In a previous house I lived in, we had two orange trees in the garden and we couldn't give enough away. I was happy for anyone to take a box of oranges so I didn't have to eat them all. I hope someone tells me they have oranges to give away soon, because I have a few new ideas to work on and I do love fresh oranges and orange juice. Orange sorbet? Orange Vegan ice cream?
But back to marmalade!
This is the first grapefruit marmalade I have made, because I generally use Navel or Seville oranges. This recipe is a hodge-podge of ones I have used when making orange marmalade. Also from a little research to find an easier way to deal with the peel and the bitter pith instead of spending hours cutting and slicing.
My biggest problem in making this was that I ran out of gas part way through the first 40 minute cooking, even though my husband had checked it the day before and announced that we had 3/4 of a tank full. (we rely on bottled gas in this part of the hills). When the gas ran out I had to wait for the grapefruit to cool down, put it back in the fridge and wait for a gas delivery the following day before I could resume cooking- so that added an extra day of it sitting in the fridge! Not sure what difference this made, if any.
I was very surprised at how quickly the fruit boiled up once I had added sugar and the set was quite robust. The marmalade has a nice tang to it because of the whisky I added and it certainly doesn't have any bitter pithy taste. The whisky has the alcohol cooked out of it but it does give it a great warming taste and the colour is a beautiful caramel.

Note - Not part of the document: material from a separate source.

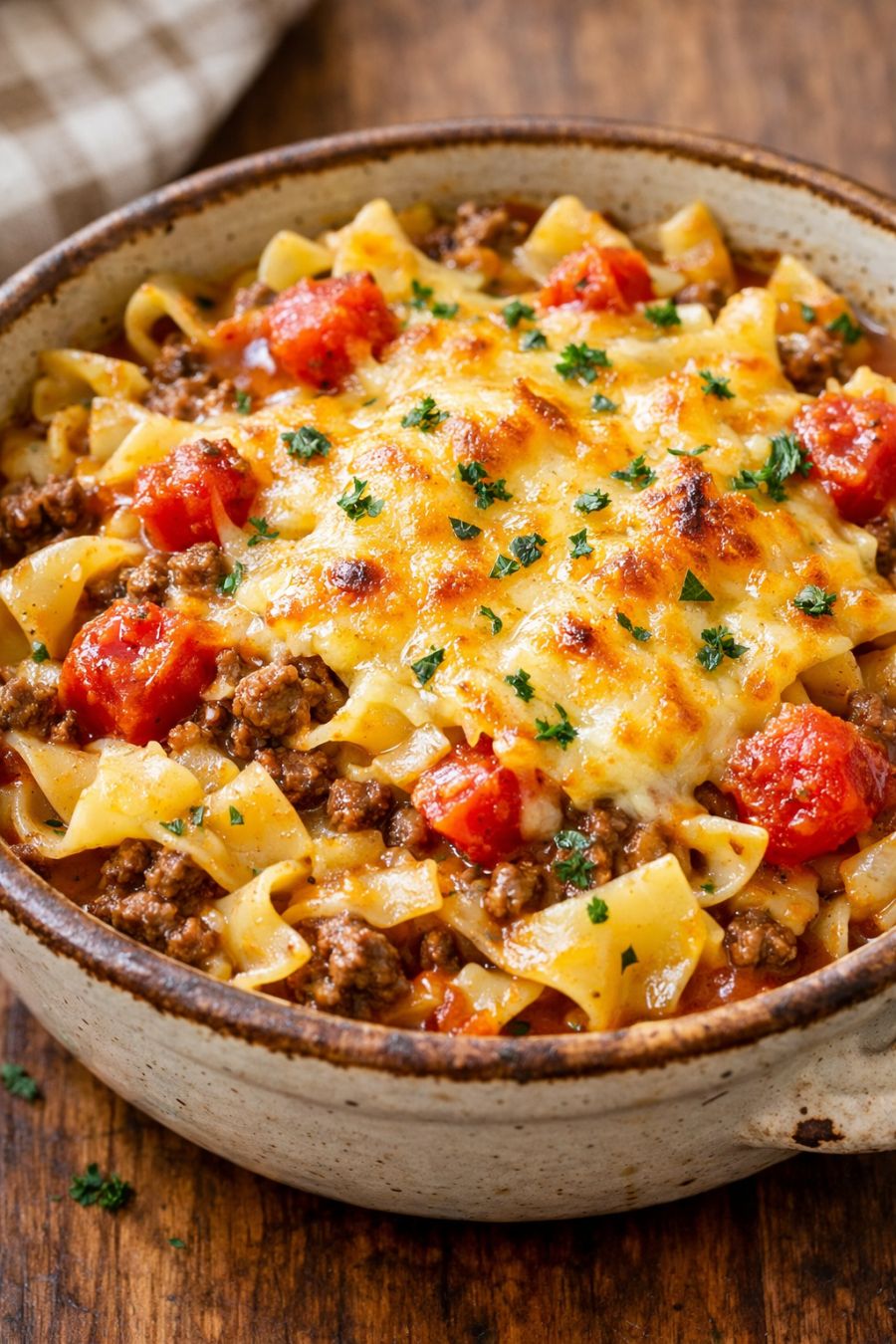 For a little extra garden flavor, you can add 1 teaspoon dried parsley or Italian seasoning to the tomato soup mixture before pouring it over the beef. If your family likes a bit of sweetness, stir 1 to 2 teaspoons of brown sugar into the soup to mimic old-fashioned tomato casseroles. You can swap the cheddar for Colby Jack or mozzarella, or use a blend to clean out the cheese drawer. Ground turkey or venison can stand in for the beef; just make sure you use a lean grind so the casserole doesn’t get greasy. To stretch the meal, add an extra cup of egg noodles and a splash more water, knowing it will be a bit thicker and more like a hearty hotdish. If you prefer a firmer casserole, let it sit on WARM for 15 to 20 minutes before serving so it sets up a bit. Leftovers reheat nicely in the microwave the next day; if they seem dry, just stir in a spoonful of tomato soup or a dollop of sour cream before warming.
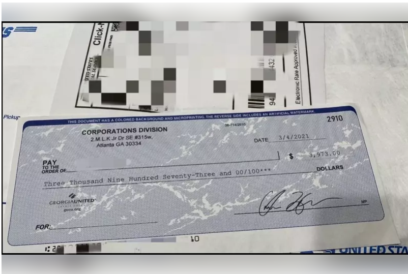 一周后,周先生便收到一张支票,这张支票是由亚特兰大市一处政府机构开出,写有3973元。这位女生表示,希望周先生存入这张支票,减掉押金700元后,剩下的3200还给她即可。周先生表示可以,但要等存入支票到帐之后才能还,对方表示同意。

I will be sure to take a jar to my scottish friends when we go for dinner tomorrow evening!
Grapefruit Whisky Marmalade
Ingredients
Grapefruit - 2 kilos of fruit
Sugar - 2 kilos
whisky - 1/2 cup
Juice of 2 lemons
Water
You can change the quantity of fruit and sugar to suit how much you want to make.
Wash and dry fruit. Don't worry about taking out the pips, that comes later.
Cut the grapefruit into quarters and finely slice.
Place in a large stainless steel pan and cover with water.
Leave to soak overnight.
Following day, bring pan to the boil and cook for approximately 40 minutes until the fruit is very soft. You will notice that over the next hour or so that the fruit is cooking, the pips will rise to the surface. You can take them off using a slotted spoon and discard.
After 40 minutes, add the sugar and stir until it has dissolved. Add lemon juice and bring back to the boil.
Continue to boil until the marmalade reaches setting point (See blog post on cherry jam for setting point and bottling information)
This takes approximately 50 - 60 minutes, but keep checking to make sure the fruit is not catching on the bottom of the pan.
Once it has reached setting point, add whisky, cook for 3 minutes to burn off the alcohol and then turn off, allow 10 minutes for it to cool and spoon into prepared jars.
I ate this the very next day, but it may be better if left for a while for flavours to develop.